人手と魔力、空間を裂くという危険な手間までかけて呼び寄せた異世界人がハズレだったと確定し、希望も期待も裏切られた人々の気持ちは、想像に難く無く。罪悪感と情けない気持ちでいっぱいだった拙者を気遣って今回の用事をくれたエルリアさんには、感謝しかない。

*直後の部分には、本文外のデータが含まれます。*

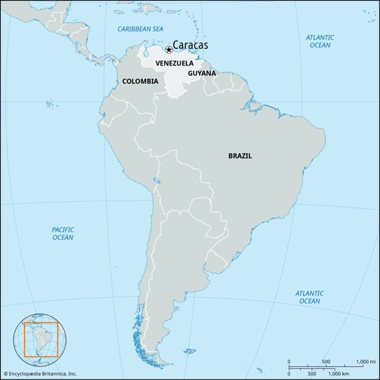 - Political features of Venezuela include its location at the northern end of South America, with land boundaries with Guyana to the east, Brazil to the south, and Colombia to the west, as well as maritime boundaries with the Caribbean Sea and Atlantic Ocean.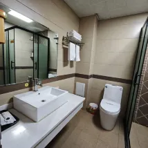 酒店衞生乾淨,前天小哥兩個隨時都解決問題,陽台可以看日出,看湖很漂亮,服務態度很好,不錯的一次體驗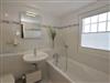 Das 1. geräumige Schlafzimmer (Vinylboden) hat ein gutes Doppelbett sowie ein schickes Wannenbad/WC.

ちなみに本命の女子高生・ハルカ殿は、属性検査の結果が雷だったので、現在は別行動中だ。
「貴女が気に病む必要はない」
「いや本当、とんだハズレくじを引かせてしまって、申し訳ない」
「ハズレを引かせてしまったのは、むしろ我々の方です」
予想していなかった発言に驚きを隠せず、気管に入ってきた紅茶で咳き込む。
「平和に過ごしている貴方達を無理やり呼び寄せ、戦場へ送ろうとしている。その事実が既に情けないというのに、期待していた力が無いからと非難して……。お恥ずかしい限りです」
咳き込んでいる拙者の背中に、触れかけた右手を止め、控えていたメイドに背中をさするよう促しているライアンさんを見て「紳士だぁ」と思う一方で――
彼の責任感に何となく、うっすらと、恐怖を感じてしまう自分がいた。